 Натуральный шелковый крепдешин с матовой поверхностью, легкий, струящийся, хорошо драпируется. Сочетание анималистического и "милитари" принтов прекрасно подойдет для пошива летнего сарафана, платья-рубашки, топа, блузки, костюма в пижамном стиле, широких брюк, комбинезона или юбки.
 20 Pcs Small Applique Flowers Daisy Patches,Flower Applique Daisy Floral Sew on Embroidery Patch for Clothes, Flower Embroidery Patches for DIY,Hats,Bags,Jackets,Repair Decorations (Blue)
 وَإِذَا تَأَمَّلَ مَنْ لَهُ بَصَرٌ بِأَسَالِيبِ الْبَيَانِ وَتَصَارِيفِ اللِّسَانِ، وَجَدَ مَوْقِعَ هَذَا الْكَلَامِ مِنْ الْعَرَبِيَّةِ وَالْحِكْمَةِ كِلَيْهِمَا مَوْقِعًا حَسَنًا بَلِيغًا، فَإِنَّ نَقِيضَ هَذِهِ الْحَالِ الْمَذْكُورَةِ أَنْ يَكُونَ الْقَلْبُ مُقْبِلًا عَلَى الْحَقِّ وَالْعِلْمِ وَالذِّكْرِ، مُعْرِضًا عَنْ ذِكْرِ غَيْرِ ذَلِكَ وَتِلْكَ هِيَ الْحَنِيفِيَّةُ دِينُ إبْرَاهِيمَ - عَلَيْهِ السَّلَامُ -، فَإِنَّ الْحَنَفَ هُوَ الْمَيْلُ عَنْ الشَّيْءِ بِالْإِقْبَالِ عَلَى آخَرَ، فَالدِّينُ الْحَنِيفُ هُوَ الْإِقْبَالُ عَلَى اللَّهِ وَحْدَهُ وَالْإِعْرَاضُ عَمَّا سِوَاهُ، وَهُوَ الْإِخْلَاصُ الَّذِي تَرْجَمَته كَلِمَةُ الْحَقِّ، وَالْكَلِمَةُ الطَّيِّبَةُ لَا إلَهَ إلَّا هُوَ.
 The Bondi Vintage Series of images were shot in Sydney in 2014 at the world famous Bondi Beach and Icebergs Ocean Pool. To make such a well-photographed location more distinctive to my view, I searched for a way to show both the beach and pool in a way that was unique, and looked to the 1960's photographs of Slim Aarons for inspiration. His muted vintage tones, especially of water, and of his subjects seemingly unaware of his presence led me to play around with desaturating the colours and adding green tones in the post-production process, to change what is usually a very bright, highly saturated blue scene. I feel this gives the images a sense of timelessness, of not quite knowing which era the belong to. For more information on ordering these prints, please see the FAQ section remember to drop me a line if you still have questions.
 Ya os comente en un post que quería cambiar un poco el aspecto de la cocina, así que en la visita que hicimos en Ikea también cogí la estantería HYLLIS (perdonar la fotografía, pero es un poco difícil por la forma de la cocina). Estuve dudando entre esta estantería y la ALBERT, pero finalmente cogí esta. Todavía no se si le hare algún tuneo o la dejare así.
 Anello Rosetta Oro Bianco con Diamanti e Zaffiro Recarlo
* * *
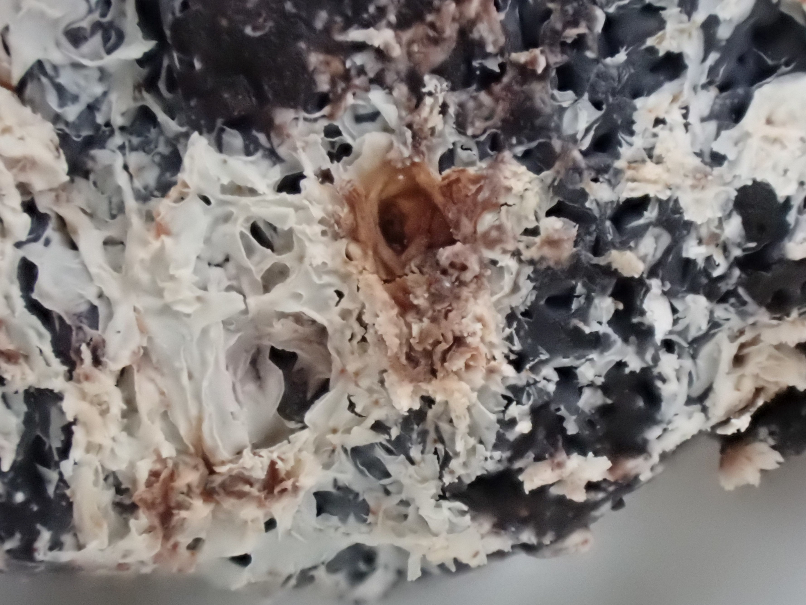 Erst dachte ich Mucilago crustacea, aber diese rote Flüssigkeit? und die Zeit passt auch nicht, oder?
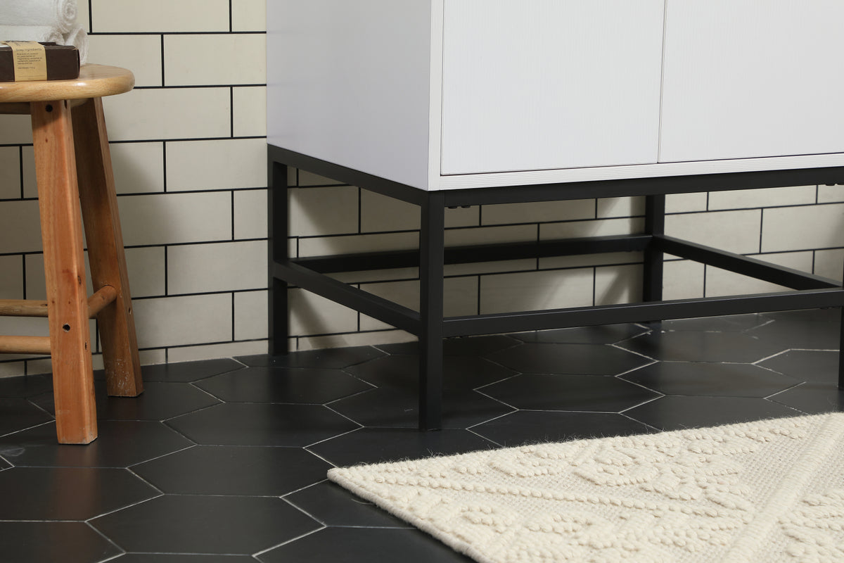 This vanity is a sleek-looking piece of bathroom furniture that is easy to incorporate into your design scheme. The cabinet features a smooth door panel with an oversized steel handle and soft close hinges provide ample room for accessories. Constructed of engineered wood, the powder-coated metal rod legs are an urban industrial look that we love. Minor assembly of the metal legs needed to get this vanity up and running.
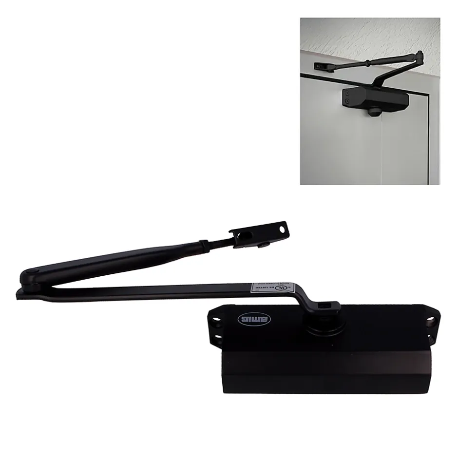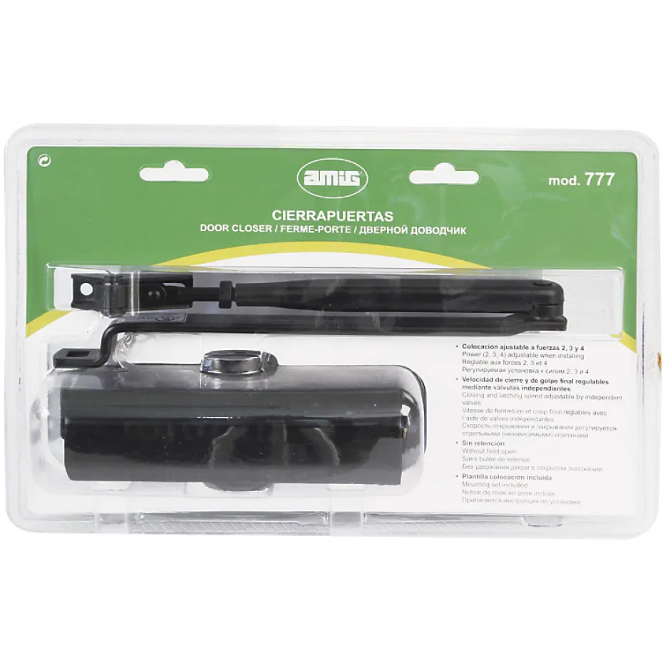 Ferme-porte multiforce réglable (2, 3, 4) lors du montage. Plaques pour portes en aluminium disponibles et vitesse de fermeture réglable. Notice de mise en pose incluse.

— WHAT TO DO —
Using the listing above, copy exactly the line that contains "وَإِذَا تَأَمَّلَ مَنْ", the line that contains "The Bondi Vintage", and each line that falls between them.

— ANSWER TO THIS TASK —
 وَإِذَا تَأَمَّلَ مَنْ لَهُ بَصَرٌ بِأَسَالِيبِ الْبَيَانِ وَتَصَارِيفِ اللِّسَانِ، وَجَدَ مَوْقِعَ هَذَا الْكَلَامِ مِنْ الْعَرَبِيَّةِ وَالْحِكْمَةِ كِلَيْهِمَا مَوْقِعًا حَسَنًا بَلِيغًا، فَإِنَّ نَقِيضَ هَذِهِ الْحَالِ الْمَذْكُورَةِ أَنْ يَكُونَ الْقَلْبُ مُقْبِلًا عَلَى الْحَقِّ وَالْعِلْمِ وَالذِّكْرِ، مُعْرِضًا عَنْ ذِكْرِ غَيْرِ ذَلِكَ وَتِلْكَ هِيَ الْحَنِيفِيَّةُ دِينُ إبْرَاهِيمَ - عَلَيْهِ السَّلَامُ -، فَإِنَّ الْحَنَفَ هُوَ الْمَيْلُ عَنْ الشَّيْءِ بِالْإِقْبَالِ عَلَى آخَرَ، فَالدِّينُ الْحَنِيفُ هُوَ الْإِقْبَالُ عَلَى اللَّهِ وَحْدَهُ وَالْإِعْرَاضُ عَمَّا سِوَاهُ، وَهُوَ الْإِخْلَاصُ الَّذِي تَرْجَمَته كَلِمَةُ الْحَقِّ، وَالْكَلِمَةُ الطَّيِّبَةُ لَا إلَهَ إلَّا هُوَ.
 The Bondi Vintage Series of images were shot in Sydney in 2014 at the world famous Bondi Beach and Icebergs Ocean Pool. To make such a well-photographed location more distinctive to my view, I searched for a way to show both the beach and pool in a way that was unique, and looked to the 1960's photographs of Slim Aarons for inspiration. His muted vintage tones, especially of water, and of his subjects seemingly unaware of his presence led me to play around with desaturating the colours and adding green tones in the post-production process, to change what is usually a very bright, highly saturated blue scene. I feel this gives the images a sense of timelessness, of not quite knowing which era the belong to. For more information on ordering these prints, please see the FAQ section remember to drop me a line if you still have questions.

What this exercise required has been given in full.